───── INPUT

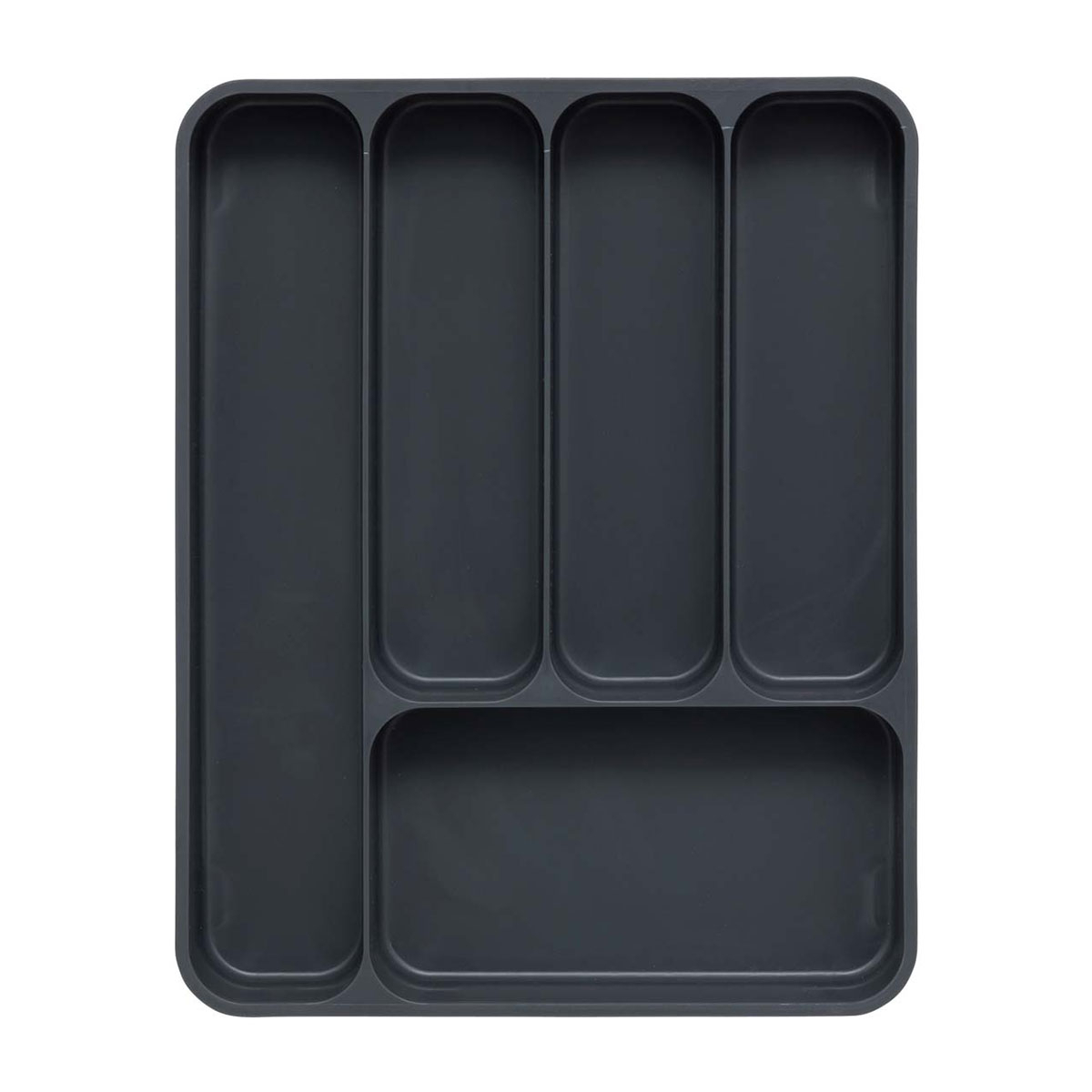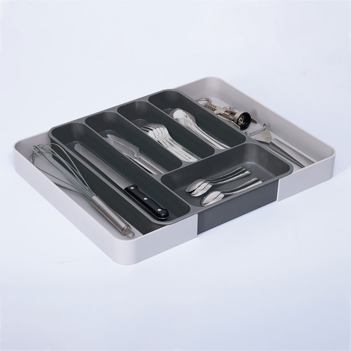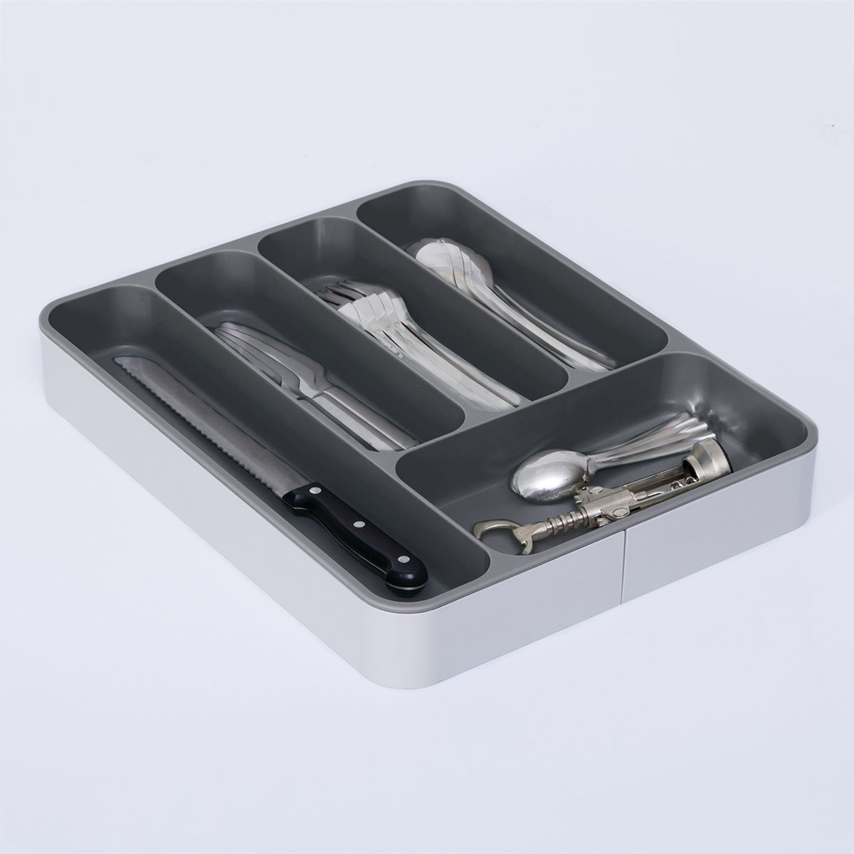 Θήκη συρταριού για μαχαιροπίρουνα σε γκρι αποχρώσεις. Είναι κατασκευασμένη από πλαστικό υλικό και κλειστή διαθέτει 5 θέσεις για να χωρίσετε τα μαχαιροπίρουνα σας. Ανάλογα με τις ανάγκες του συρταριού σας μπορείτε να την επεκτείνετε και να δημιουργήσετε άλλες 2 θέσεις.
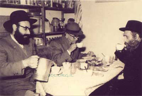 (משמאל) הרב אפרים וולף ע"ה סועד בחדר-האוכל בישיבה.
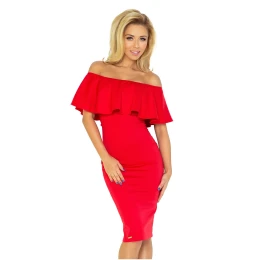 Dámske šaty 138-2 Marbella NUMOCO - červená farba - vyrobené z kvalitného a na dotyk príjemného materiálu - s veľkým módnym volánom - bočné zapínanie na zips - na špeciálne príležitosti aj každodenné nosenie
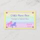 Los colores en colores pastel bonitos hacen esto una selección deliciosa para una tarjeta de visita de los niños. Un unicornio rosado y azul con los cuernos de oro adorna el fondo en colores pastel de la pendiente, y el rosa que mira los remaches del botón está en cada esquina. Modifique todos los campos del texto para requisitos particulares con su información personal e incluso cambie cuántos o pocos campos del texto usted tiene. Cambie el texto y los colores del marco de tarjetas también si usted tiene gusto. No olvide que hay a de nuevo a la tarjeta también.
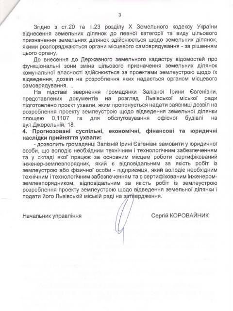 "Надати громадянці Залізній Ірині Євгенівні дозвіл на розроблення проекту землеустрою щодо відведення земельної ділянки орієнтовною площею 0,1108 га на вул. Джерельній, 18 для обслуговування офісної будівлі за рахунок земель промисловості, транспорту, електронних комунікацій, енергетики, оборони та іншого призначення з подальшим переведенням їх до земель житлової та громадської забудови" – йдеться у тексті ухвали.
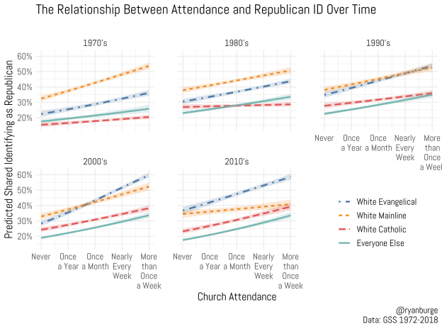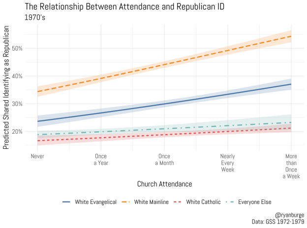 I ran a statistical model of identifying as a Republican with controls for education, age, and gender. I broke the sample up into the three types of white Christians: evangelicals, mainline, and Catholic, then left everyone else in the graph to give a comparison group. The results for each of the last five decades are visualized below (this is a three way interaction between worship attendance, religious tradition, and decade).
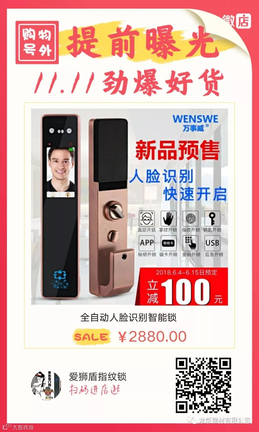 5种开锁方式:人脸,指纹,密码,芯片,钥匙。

──────────

If pictures appear in the data, omit them and copy all other parts exactly.

 Θήκη συρταριού για μαχαιροπίρουνα σε γκρι αποχρώσεις. Είναι κατασκευασμένη από πλαστικό υλικό και κλειστή διαθέτει 5 θέσεις για να χωρίσετε τα μαχαιροπίρουνα σας. Ανάλογα με τις ανάγκες του συρταριού σας μπορείτε να την επεκτείνετε και να δημιουργήσετε άλλες 2 θέσεις.
 (משמאל) הרב אפרים וולף ע"ה סועד בחדר-האוכל בישיבה.
 Dámske šaty 138-2 Marbella NUMOCO - červená farba - vyrobené z kvalitného a na dotyk príjemného materiálu - s veľkým módnym volánom - bočné zapínanie na zips - na špeciálne príležitosti aj každodenné nosenie
 Los colores en colores pastel bonitos hacen esto una selección deliciosa para una tarjeta de visita de los niños. Un unicornio rosado y azul con los cuernos de oro adorna el fondo en colores pastel de la pendiente, y el rosa que mira los remaches del botón está en cada esquina. Modifique todos los campos del texto para requisitos particulares con su información personal e incluso cambie cuántos o pocos campos del texto usted tiene. Cambie el texto y los colores del marco de tarjetas también si usted tiene gusto. No olvide que hay a de nuevo a la tarjeta también.
 "Надати громадянці Залізній Ірині Євгенівні дозвіл на розроблення проекту землеустрою щодо відведення земельної ділянки орієнтовною площею 0,1108 га на вул. Джерельній, 18 для обслуговування офісної будівлі за рахунок земель промисловості, транспорту, електронних комунікацій, енергетики, оборони та іншого призначення з подальшим переведенням їх до земель житлової та громадської забудови" – йдеться у тексті ухвали.
 I ran a statistical model of identifying as a Republican with controls for education, age, and gender. I broke the sample up into the three types of white Christians: evangelicals, mainline, and Catholic, then left everyone else in the graph to give a comparison group. The results for each of the last five decades are visualized below (this is a three way interaction between worship attendance, religious tradition, and decade).
 5种开锁方式:人脸,指纹,密码,芯片,钥匙。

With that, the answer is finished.